- Born: Graham Victor Harold Moffatt 6 December 1919 Hammersmith, London, England
- Died: 2 July 1965 (aged 45) Bath, Somerset, England
- Occupations: Comedy actor and publican
- Spouse: Joyce Muriel Hazeldine ​ ​(m. 1948)​
- Children: Richard, Chris, Jayne

= Graham Moffatt =

British comedy actor (1919–1965)

Graham Victor Harold Moffatt (6 December 1919 – 2 July 1965) was an English comedic character actor. He is best known for a number of black and white films where he appeared with Will Hay and Moore Marriott as 'Albert': a plump cheekily insolent street-savvy youth.

==Early life==
Moffatt was born on 6 December 1919 in Hammersmith, West London, the son of Frederick Victor Moffatt (1896–1977) and Daisy Eleonora née Whiteside (1895–1969), both of whom outlived him. He had two sisters, Peggy (1922-2006), and Rita Doreen Moffatt (1936–1991). He was born exactly 31 years after Will Hay, with whom Moffatt would perform with in a string of successful cinema films in the 1930s. He wanted to act from an early age. He first worked as a call boy at Shepherd's Bush Studios, and often saw actor Tom Walls going in and out of the sound stages.

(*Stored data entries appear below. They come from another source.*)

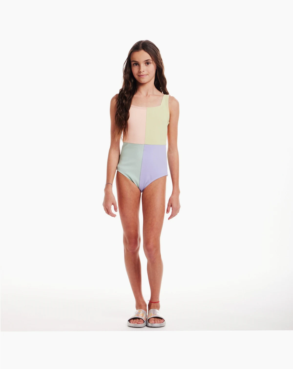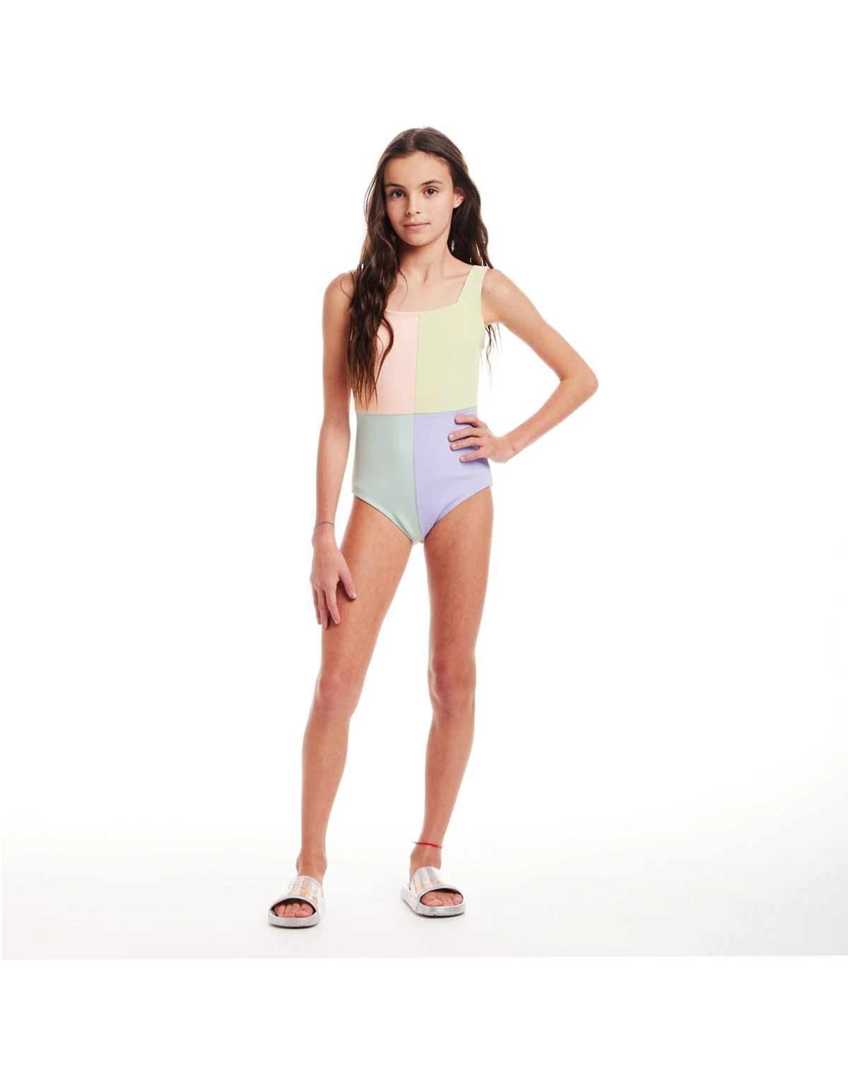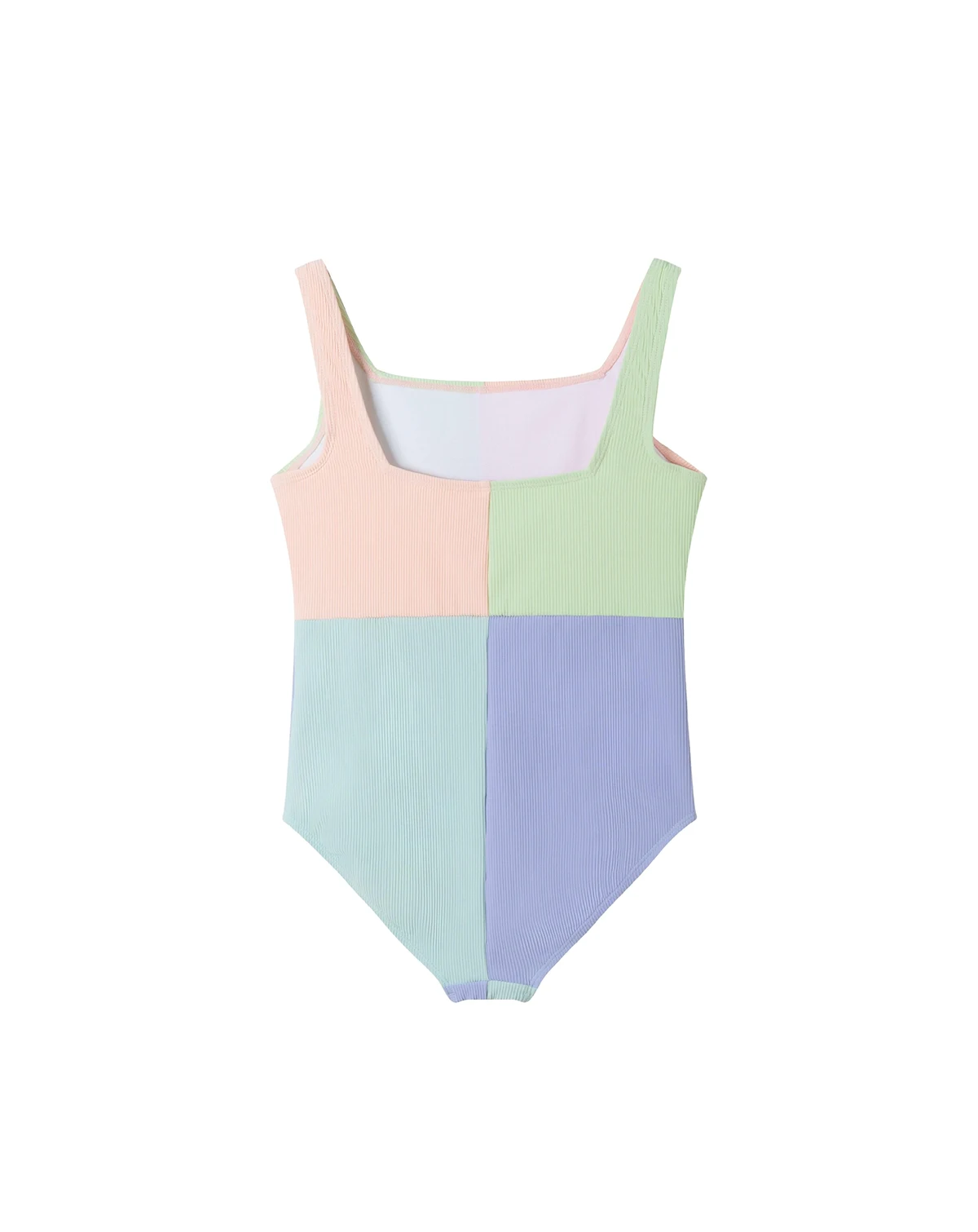 Make her swim days effortlessly stylish with this pastel color-block one-piece swimsuit! Featuring soft, soothing hues and a textured design, this swimsuit combines elegance with comfort. Perfect for sunny beach outings or fun poolside adventures!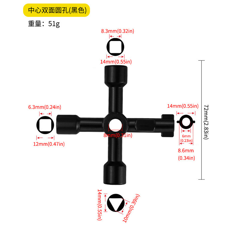 전기 제어 캐비닛 자동차 엘리베이터 크로스 키 렌치 수량계 밸브 키 내부 삼각형 렌치 다목적 공구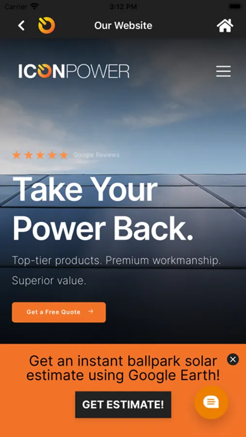Icon Power is a free app available for anyone to download and is used for those that want to communicate with Icon Power. It is as simple as downloading the App and register as a user. Once registered, you can begin communicating right away. We will reach out to you via push notifications and in-app messaging to improve your overall buying experience. Once you purchase your new Solar from Icon Power, feel free to write a review. We appreciate your business.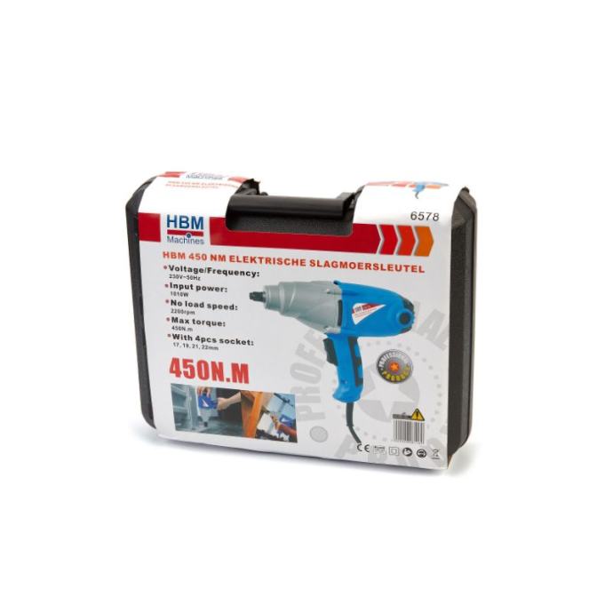 električni udarni pištolj 450 Nm je profesionalni ključ s velikim okretnim momentomovaj je alat stoga idealan za otpuštanje ili zatezanje teških vijaka i maticačetverokutni prihvat od 1/2" čini ovaj električni udarni ključ kompatibilnim sa srednjim do velikim utičnicamaset dolazi s četiri utičnice u različitim veličinama i električnim udarnim ključemsvi dijelovi savršeno pristaju u čvrstu plastičnu kutiju s umetcimadrška ima mekani premaz koji smanjuje vibracije tijekom rada s udarnim ključemudarni ključ opremljen je prekidačem koji vam omogućuje određivanje smjera vrtnjeovaj udarni ključ prikladan je za otpuštanje vijaka i zatezanje s visokim vrijednostima momentaTehnički opis: prihvat 1/2snaga 1010W / 230Vbroj okretaja 2200 RPMmaksimalni okretni moment 450 Nm.nasadni ključevi veličine 1/2 17, 19, 21 i 22 mm]]>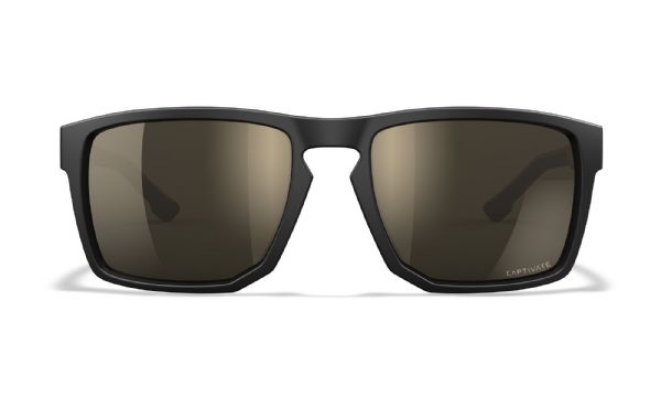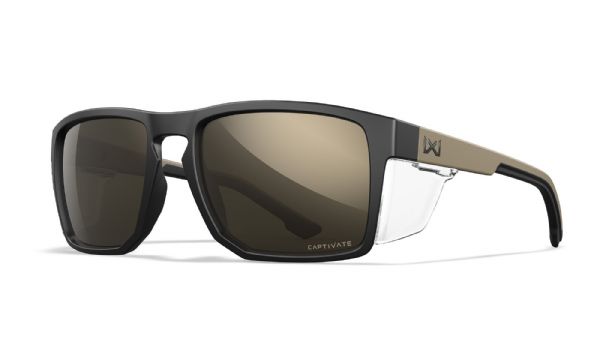 Occhiali Wiley X WX Founder, montatura Matte Black/Tan. Lenti CAPTIVATE™ Tungsten Mirror (base grigia) che esaltano contrasti e colori in condizioni di luce variabile. Protezione 100% UVA/UVB/Luce Blu (HEV). Lenti Selenite™ infrangibili, con scudi laterali rimovibili e naselli/terminali in gomma.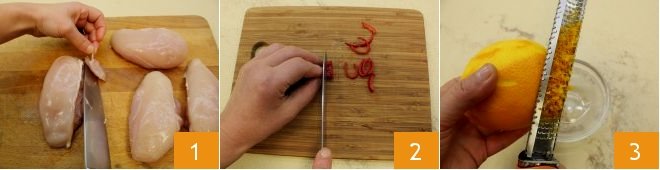 To prepare the chicken in soy sauce with steamed vegetables, start with the meat: from the whole chicken breast remove the central bone and the fattier parts, then cut into slices 1; then remove the seeds from the chili pepper and cut it into strips 2, then grate the orange 3 and lemon zest;

Walls took a liking to Moffatt, and chose him for a bit part in the 1934 film A Cup of Kindness. He then gave up his job as a call boy, and went on to appear in five more films in minor, mostly uncredited roles before getting his big break in Will Hay's films.

==Cinema career==
His first film with Will Hay was Where There's a Will (1936) in which he plays an office boy. In his next film with Hay, Windbag the Sailor (1936), he is joined by Moore Marriott and his character has become 'Albert'. He is known by this name in all his later films with Hay and Marriott: Oh, Mr Porter! (1937), Old Bones of the River (1938), Convict 99 (1938), Ask a Policeman (1939) and Where's That Fire? (1940). Still as Albert, he appeared again with Moore Marriott in a series of films starring Arthur Askey: Charley's (Big-Hearted) Aunt (1940), I Thank You (1941), and Back Room Boy (1942). His later films include Powell and Pressburger's A Canterbury Tale and I Know Where I'm Going!.

==Post-acting life==
In the mid-1940s he semi-retired from show business to become a publican with his wife, Joyce Muriel Hazeldine, whom he married in June 1948 and remained married to for 17 years until his death in July 1965. Together, they ran the Swan Inn at Braybrooke (near Market Harborough), followed by the Englishcombe Inn at Bath. Whilst landlord of the Swan Inn, Moffatt became good friends with local musician and actor Jim Dale who would often drink at the pub.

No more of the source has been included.